Consider what is the proportion of sites that are created by people who knows zero about security. Wordpress is like on 40%+ web sites (ridiculous).
WAFs unlikely to prevent targeted attacks, they don't have to to be useful. In practice, simple measures can prevent many common attacks.
I was kinda with you until you made this statement:
> No, "defense in depth" is not a valid excuse to use a WAF anyway, because it provides no real defense!
I have to disagree here. You are making assumptions that every developer in an org will always do the correct thing and deploy code that won't be exploitable to SQL injections, XSS, file inclusion, etc... That's just not the case. I'm all for doing the correct thing, and not just performing security theater, but WAFs do offer some protection. You need multiple layers of security covering the holes that may left in other layers. And a WAF can be one of those layers of protection.
> Can you believe people pay money for "web application firewalls"?
I think it's like a lot of things in computer security, in that system owners just don't want to be the slowest gazelle in the herd. If an attacker is mass-exploiting some new remote vulnerability, then maybe the WAF means that you're one of the lucky ones who doesn't get hit. And yes, that's a very big maybe there.
WAFs don't do much to prevent targeted attacks except to require the attacker to craft a WAF bypass. As you've shown.
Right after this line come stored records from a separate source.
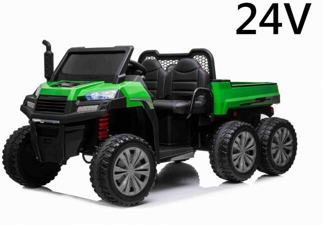 Elektromos Kisautó gyerekeknek Farm RIDER 6x6 24V! Hatalmas autó 2,4Ghz távirányítóval, lassú indulás-Soft Start rendszerrel és négykerék-meghajtással. ÚJDONSÁG: A Farm RIDER 4x4 hátsó lebillenthető tárolóhellyel van felszerelve! A RIDER 6X6 játékautó két idősebb gyermek számára is alkalmas, legfeljebb 60 kg teherbírással. A széles ülések és a hatalmas és lengéscs
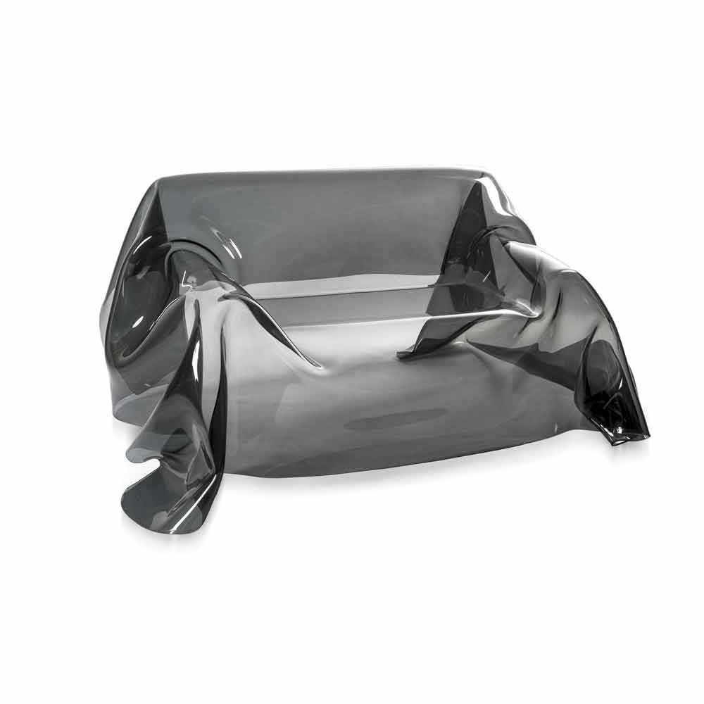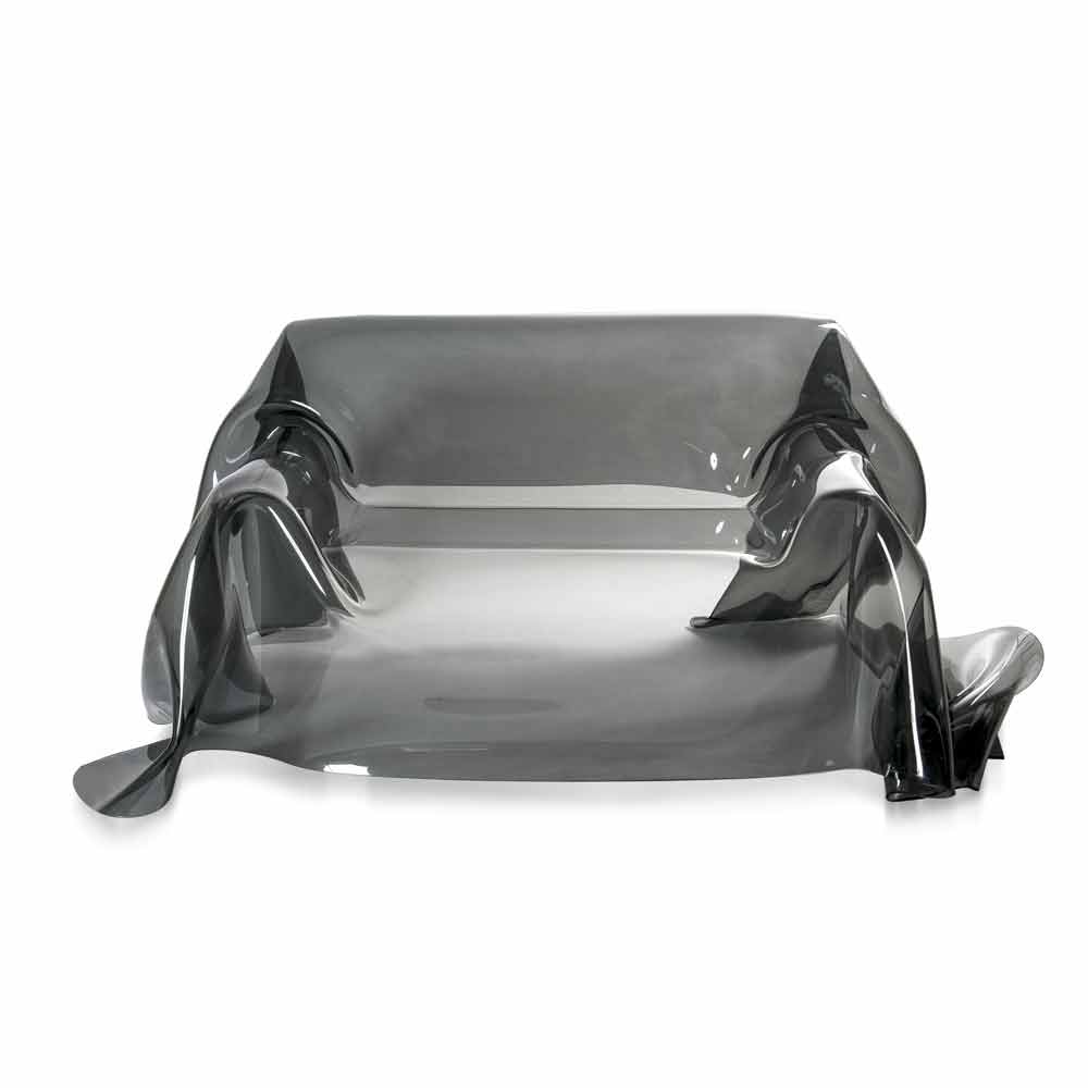 Cada sofá "Jolly" é uma peça única de arte moderna. De uma folha de plexiglass de cor cinza-fumaça transparente de 100% puro PMMA, mão-drapeado, vem um canapé exclusivo. Auto-sustentável, a poltrona pode acomodar 2 lugares.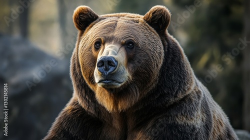 © atipong, Obraz premium Grizzly Portrait: Soft Pastels Powerful Shoulders Forest Backdrop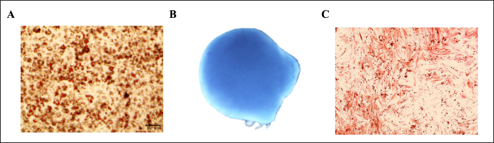 Fig. 3. Multilineage differentiation staining. Adipogenic staining with oil red O revealed red-stained lipid droplets. (A) Chondrogenic staining with Alcian Blue revealed a uniform blue color indicating glycosaminoglycans and cartilage-specific extracellular matrix, (B) whereas osteogenic staining with Alizarin Red revealed a calcium deposit (C).

They also have an organizational purpose. Once an attack happens you can shift the blame onto the WAF. And the WAF provider can, if needed, claim this to be a novel attack against which they have prepared for the future. Even issue an emergency patch that detects and blocks the novel backslash-newline line break technique.
I think that important difference though. WAFs are very useful when they are used as a quick fix for a zero-day vulnerability. Especially if you are running some generic software like WordPress and can subscribe to a managed WordPress rule set.
The key is that they should mitigate specific vulnerabilities and ideally once the proper fix is deployed the rules are then removed from the WAF.
WAFs have near-zero value for things like trying to detect shell-code or generic SQL injections as they just turn into fuzzy bug injectors. Any real attacker will very quickly find a way to structure their exploit to avoid the heuristics.
WAFs also have minimal value for custom software. Because even if you use it to deploy a quick block for an exploit unless you are just blocking a whole endpoint the attacker will also likely find a way to work around it.
Also, never underestimate the power of FIPS999999999 or whatever compliance. If it’s a checklist item to have a bowl full of M&Ms without brown ones in your data center, your security people will make sure that box gets checked. It doesn’t matter how outdated the requirement is.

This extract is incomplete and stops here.